Oil prices edge down from sharp rally with focus on US data

August 9, 2016

London (Aug 9)  Crude oil prices inched down Tuesday on profit-taking after a sharp rally overnight as investors were emboldened by the possibility that the world’s oil cartel may reconsider a production freeze at a meeting in late September.

On the New York Mercantile Exchange, crude futures for delivery in September CLU6, +0.02%  traded at $43 a barrel, down 2 cents, or about 0.1%. October Brent crude LCOV6, -0.15% on London’s ICE Futures exchange fell by 7 cents, or 0.2%, to $45.32 a barrel.

Qatar’s energy minister, Mohammed bin Saleh al Sada, the president of the Organization of the Petroleum Exporting Countries, said Monday the 14-member group will hold an informal meeting Sept. 26-28 at the International Energy Forum in Algeria.
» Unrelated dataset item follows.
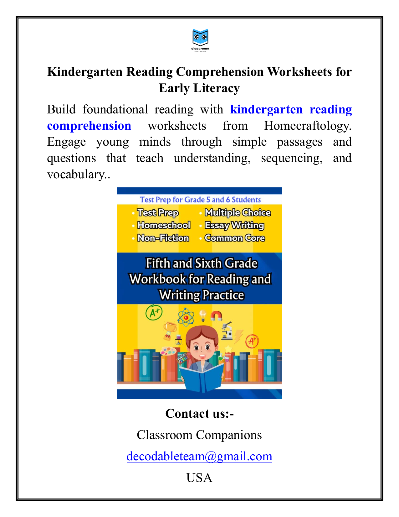 Kindergarten Reading Comprehension Worksheets for Early Literacy Build foundational reading with kindergarten reading comprehension worksheets from Homecraftology. Engage young minds through simple passages and questions that teach understanding, sequencing, and vocabulary.. Contact us:Classroom Companions [email protected] USA

Sada sounded a positive note about the crude-oil market, saying demand was expected to be strong in the second half of 2016, while the global petroleum supply would weaken.

Expectations for higher crude demand in the second half of 2016, coupled with a decrease in availability, are leading analysts to conclude the current bear market is only temporary, and oil prices will rise later in the year, he said.

Several OPEC members want to revive the idea of setting new limits on production — a subject raised but quashed in April when cartel members met in Doha. At the time, Saudi Arabia said market forces were helping to reset supply and demand back toward a rebalance. Iran also rejected the idea, saying it would continue to produce until it reaches the pre-sanction level.

Now, Iran’s production has crept back up to 3.6 million barrels a day, almost 600,000 barrels a day higher since world powers lifted economic restrictions over the country’s nuclear program in January. That brings production to within reach of 4 million-4.2 million barrels a day that Iranian officials said they would require before agreeing to a freeze.

Some analysts say that with prices in the doldrums for two years, just the suggestion of talks was enough for investors to shrug off disappointing China crude imports in July, China’s imports plunged to the lowest level in six months.

“The market seems willing enough to take this as a bullish development and perhaps this time will be different,” said Citi energy futures analyst Tim Evans. “But we note that without the support of Saudi Arabia all prior efforts at a production freeze amounted to nothing.”

Skeptics fear the meeting won’t result in any concrete actions, as these members could have reduced production when prices were lower in the past months, but chose not to.

“They talk more than they do,” said Vivek Dhar, commodities strategist at Commonwealth Bank of Australia.

In the near term, the market will be monitoring movements of U.S. gasoline and crude stocks movements, which likely shrunk last week by 1.6 million barrels and 1.75 million barrels, respectively, according to a survey of analysts by S&P Global Platts.

Such a decline in crude would be 27% short of the average 2.4-million barrel drop seen during this period during 2011-2015. Crude oil stocks were 36.6% above the five-year average through the last reporting period.

Official data from the Energy Information Administration will be released Wednesday.

Nymex reformulated gasoline blendstock for September RBU6, -0.54% — the benchmark gasoline contract — fell 0.1% to $1.36 a gallon.